THE PROBLEM:
Exact reproduction required: the lines below from the line with "Twenty-year-old Sepc. 4th" to the line with "1858年斐濟文新約全書 馬太福音 11 章 28 節到 12 章 17 節", both ends included, and no others.

PROVIDED ENTRIES:
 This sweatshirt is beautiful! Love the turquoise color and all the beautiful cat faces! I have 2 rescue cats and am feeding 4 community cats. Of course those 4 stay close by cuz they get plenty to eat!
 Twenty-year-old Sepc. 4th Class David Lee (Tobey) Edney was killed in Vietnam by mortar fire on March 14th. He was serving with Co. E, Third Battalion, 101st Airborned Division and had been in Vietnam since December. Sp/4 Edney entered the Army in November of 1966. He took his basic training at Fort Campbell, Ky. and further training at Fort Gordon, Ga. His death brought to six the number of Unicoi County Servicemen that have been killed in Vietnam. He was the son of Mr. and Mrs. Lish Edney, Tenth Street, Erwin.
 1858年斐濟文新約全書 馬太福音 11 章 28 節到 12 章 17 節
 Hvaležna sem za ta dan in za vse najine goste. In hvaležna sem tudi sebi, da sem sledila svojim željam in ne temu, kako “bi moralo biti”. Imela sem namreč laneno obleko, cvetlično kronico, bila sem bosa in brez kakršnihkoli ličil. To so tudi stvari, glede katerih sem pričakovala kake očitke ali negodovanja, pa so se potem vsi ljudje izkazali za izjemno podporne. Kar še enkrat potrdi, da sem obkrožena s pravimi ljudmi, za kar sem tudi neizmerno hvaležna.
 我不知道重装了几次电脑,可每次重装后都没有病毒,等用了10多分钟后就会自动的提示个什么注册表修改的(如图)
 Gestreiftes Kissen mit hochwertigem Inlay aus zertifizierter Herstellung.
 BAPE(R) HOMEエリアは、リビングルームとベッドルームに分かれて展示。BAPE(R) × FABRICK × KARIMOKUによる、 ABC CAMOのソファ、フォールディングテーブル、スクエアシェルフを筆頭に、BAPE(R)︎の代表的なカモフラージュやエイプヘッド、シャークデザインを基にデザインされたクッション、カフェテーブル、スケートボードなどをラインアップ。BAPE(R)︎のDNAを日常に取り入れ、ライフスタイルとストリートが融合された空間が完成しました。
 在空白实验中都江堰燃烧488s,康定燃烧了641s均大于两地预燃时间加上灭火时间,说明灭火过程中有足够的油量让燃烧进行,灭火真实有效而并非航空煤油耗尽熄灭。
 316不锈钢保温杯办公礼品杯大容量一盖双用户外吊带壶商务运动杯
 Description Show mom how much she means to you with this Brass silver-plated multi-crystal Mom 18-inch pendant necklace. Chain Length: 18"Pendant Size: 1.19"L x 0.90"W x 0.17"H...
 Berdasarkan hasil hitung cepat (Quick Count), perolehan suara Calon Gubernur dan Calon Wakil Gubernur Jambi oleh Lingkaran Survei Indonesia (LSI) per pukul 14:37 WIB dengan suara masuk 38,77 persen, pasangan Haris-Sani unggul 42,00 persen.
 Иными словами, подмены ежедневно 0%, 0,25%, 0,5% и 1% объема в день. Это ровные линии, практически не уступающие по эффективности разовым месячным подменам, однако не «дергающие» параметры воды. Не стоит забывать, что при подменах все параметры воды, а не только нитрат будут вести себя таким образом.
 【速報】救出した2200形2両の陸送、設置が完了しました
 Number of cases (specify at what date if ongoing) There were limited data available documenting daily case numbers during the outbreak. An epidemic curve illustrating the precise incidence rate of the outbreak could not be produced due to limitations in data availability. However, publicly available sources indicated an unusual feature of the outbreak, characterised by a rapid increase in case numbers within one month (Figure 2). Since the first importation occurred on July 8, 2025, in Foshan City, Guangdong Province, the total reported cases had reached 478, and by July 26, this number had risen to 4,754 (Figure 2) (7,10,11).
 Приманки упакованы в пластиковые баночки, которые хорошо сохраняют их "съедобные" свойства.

YOUR RESPONSE:
 Twenty-year-old Sepc. 4th Class David Lee (Tobey) Edney was killed in Vietnam by mortar fire on March 14th. He was serving with Co. E, Third Battalion, 101st Airborned Division and had been in Vietnam since December. Sp/4 Edney entered the Army in November of 1966. He took his basic training at Fort Campbell, Ky. and further training at Fort Gordon, Ga. His death brought to six the number of Unicoi County Servicemen that have been killed in Vietnam. He was the son of Mr. and Mrs. Lish Edney, Tenth Street, Erwin.
 1858年斐濟文新約全書 馬太福音 11 章 28 節到 12 章 17 節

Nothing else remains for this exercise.